P1.2 Principal components of stratospheric circulation and trace constituents from UKMO analyses and HALOE observations

Wednesday, 12 January 2000
Timothy J. Dunkerton, Northwest Research Associates, Bellevue, WA

The variability of zonally averaged stratospheric circulation is examined using daily gridded analyses from the U.K. Meteorological Office (UKMO) for 1991-1998, corresponding to the period observed by the Upper Atmosphere Research Satellite (UARS). Application of rotated principal component analysis to the dataset reveals dominant modes of variability consisting of annual, semiannual, and quasi-biennial oscillations, together with intraseasonal variability in the winter hemisphere. New results of this study include the observation of poleward propagating zonal wind anomalies at the northern winter stratopause, a sudden deceleration of the subtropical mesospheric jet in northern midwinter each year, and the identification of two types of wintertime evolution in the polar upper stratosphere.

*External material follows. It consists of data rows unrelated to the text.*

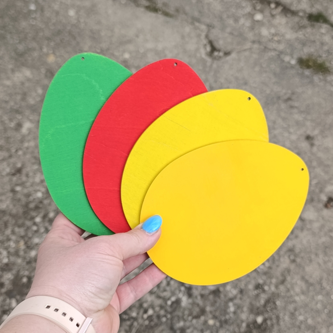 Vajíčka z překližky, natřená a připravená na tečkování. Každé vajíčko je natřené z obou dvou stran. Po prvním nátěru zabroušeno, pak druhý nátěr: podklady jsou krásně hladké.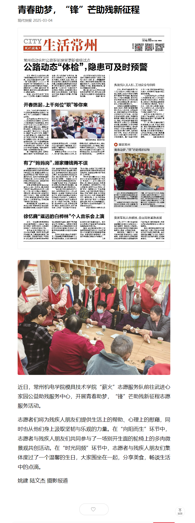 近日,常州机电学院模具技术学院“薪火”志愿服务队前往武进心家园公益助残服务中心,开展青春助梦,“锋”芒助残新征程志愿服务活动。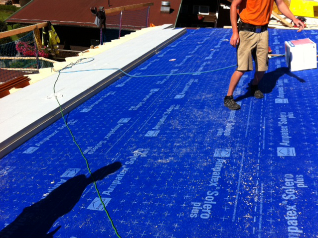 Dreilagige Dampfbremse, Luftdichtung und bewitterbare Dampfbremse. Stoffig weich, rutschfest und freibewitterbar. Ideal für Aufsparrendämmung.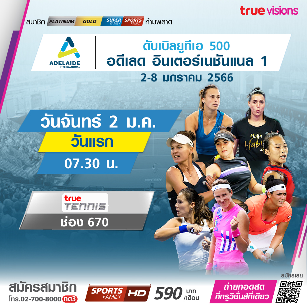 เทนนิสหญิงรายการสำคัญระดับ 500 ซีรี่ส์ รายการแรก ของปี 2023 ดับเบิลยูทีเอ 500 อดีเลด อินเตอร์ชั่นแนล 1 นักเทนนิสชั้นนำของโลก ร่วมลุ้นแชมป์กันคับคั่งที่เมือง อดีเลด ประเทศออสเตรเลีย ชมสด รอบแรก ถึงรอบชิงชนะเลิศ ชมสด ทางทรูวิชั่นส์ ที่เดียว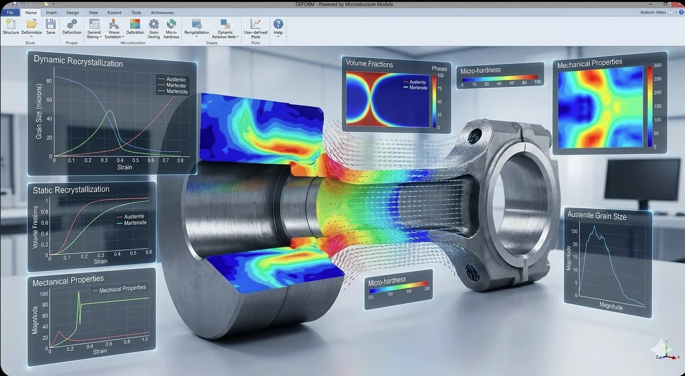 Модул Microstructure – Разширява възможностите на DEFORM-2D и DEFORM-3D с предсказване на микроструктурната еволюция по време на термомеханична обработка. Изчислява обемните дялове на фазите, зърнения размер и механичните свойства на крайния продукт.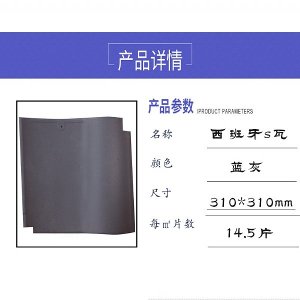 平板瓦,德式莱茵脊瓦,法式纪梵尼瓦,日式和瓦,中式青瓦以及古建瓦等多种适合多种建筑风格的屋面瓦。光阳建材制造生产的屋面瓦不仅仅种类齐全在质量和色彩各方面都处于行业*。生产的产品畅销全国受到各地消费者的青睐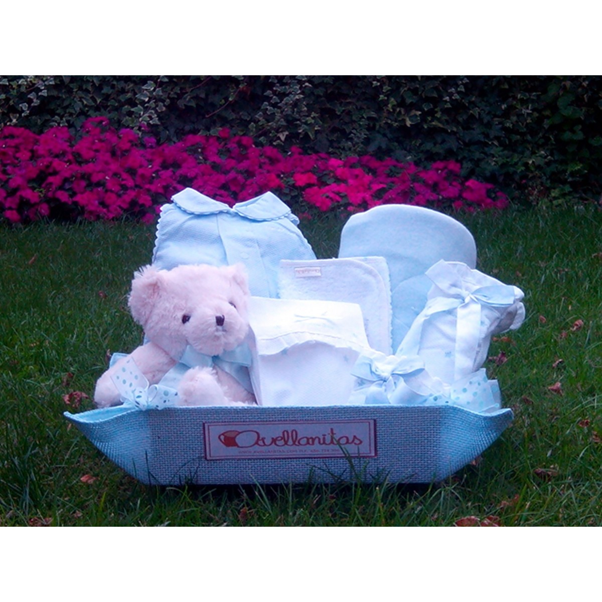 Ranita azul con bodoques blancos, manta polar, conjunto de portabiberón y portachupete, osito, toalla de hombro, porta pañales, cesta azul de rafia y tarjetón de felicitación.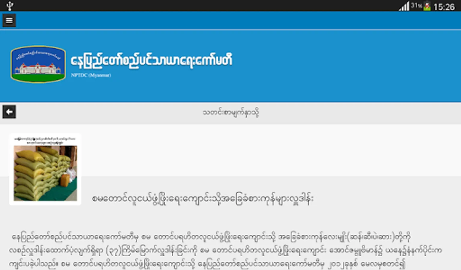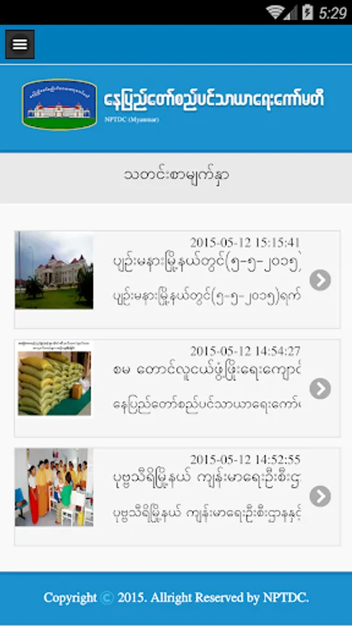 This application provides informations of Naypyitaw City Development Committee news website(www.nptdc.gov.mm).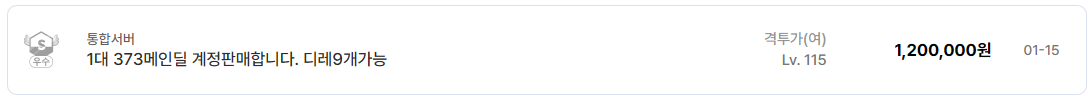 그보다 한 단계 높은 구간은 400억 이상 고스펙 계정입니다. 1군 400억 벞교 세팅을 갖춘 초고스펙 여넨마 계정은 270만 원에 등록되었으며, 373 메인딜 계정이나 디레 여러 개를 운용할 수 있는 다캐릭 계정은 120만 원 이상으로 형성되어 있습니다. 이 가격대는 단순 캐릭터 하나가 아닌, 계정 전체의 성장 효율과 레이드 고정 파티 운영까지 고려하는 유저층을 타겟으로 합니다.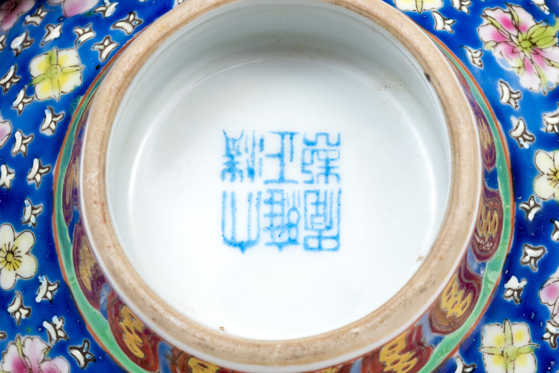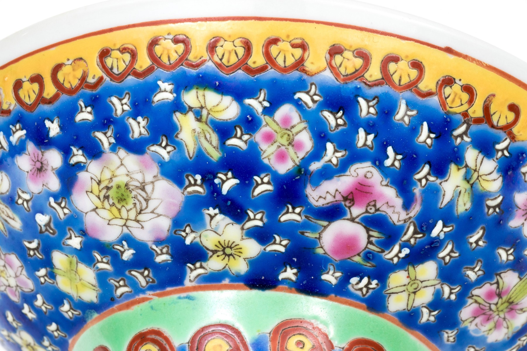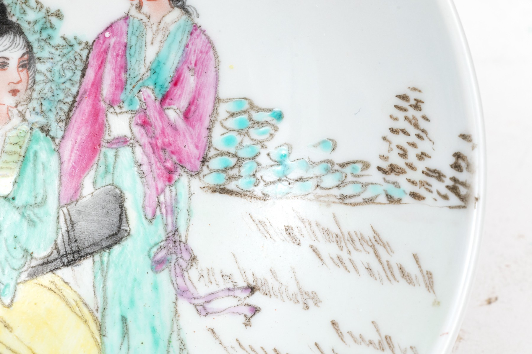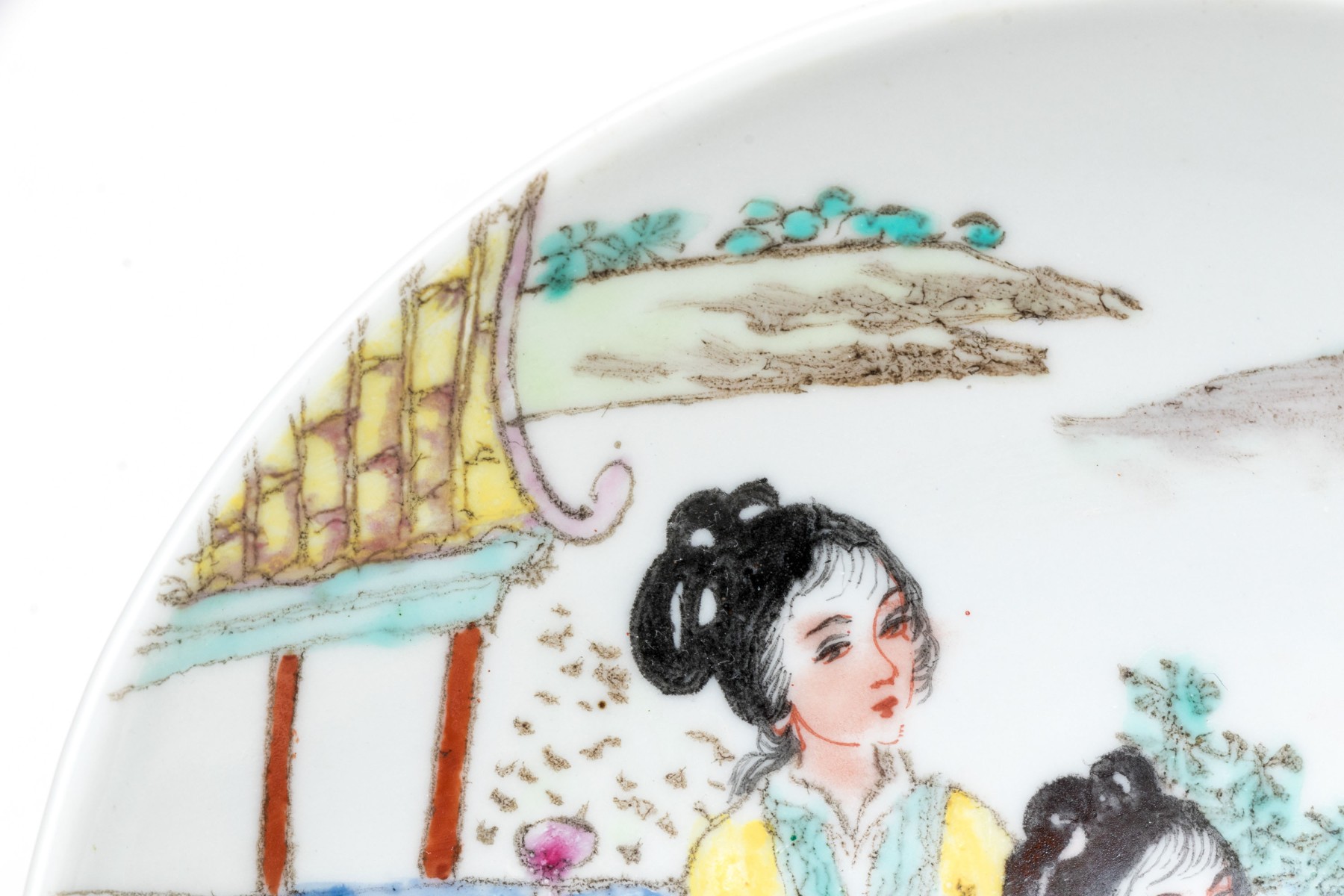 Beautiful famille rose pedestal bowl with maidens in an architectural landscape

One is characterized in high latitudes by relatively strong flow in early winter and weakened flow after solstice, the other by relatively weak flow in early winter and strengthening flow after solstice.

The climatology and interannual variability of trace constituents in the stratosphere is examined using methane, water vapor, and ozone data from the Halogen Occultation Experiment (HALOE) aboard the Upper Atmosphere Research Satellite (UARS) in 1992-1997. Application of rotated principal component analysis to the dataset reveals dominant modes of variability consisting of annual, semiannual, and quasi-biennial oscillations (QBO), together with `subbiennial' variations evidently due to nonlinear interaction between the annual cycle and QBO. The structure of quasi-biennial variability is approximately symmetric about the equator, while subbiennial variability is approximately antisymmetric and confined mostly to the subtropics.

The leading modes of climatological water vapor reveal asymmetric Brewer-Dobson upwelling in the upper stratosphere and the atmospheric `tape recorder' effect in the tropical lower stratosphere; these effects appear in combination, in the same mode. Some latitudinal propagation of the tape recorder signal is observed in addition to the well-known vertical propagation.

The vertical structure and downward propagation of the ozone QBO at the equator is described by a pair of symmetric EOFs having separate amplitude maxima in the lower and upper stratosphere. A second pair of modes explains the seasonal dependence of subtropical ozone anomalies. For each tracer, the subtropical anomaly is considerably larger in the northern hemisphere. More years of data will be required in order to determine whether this asymmetry is a permanent feature, or the result of sampling during the UARS observing period in which only certain combinations of annual cycle and QBO have been realized.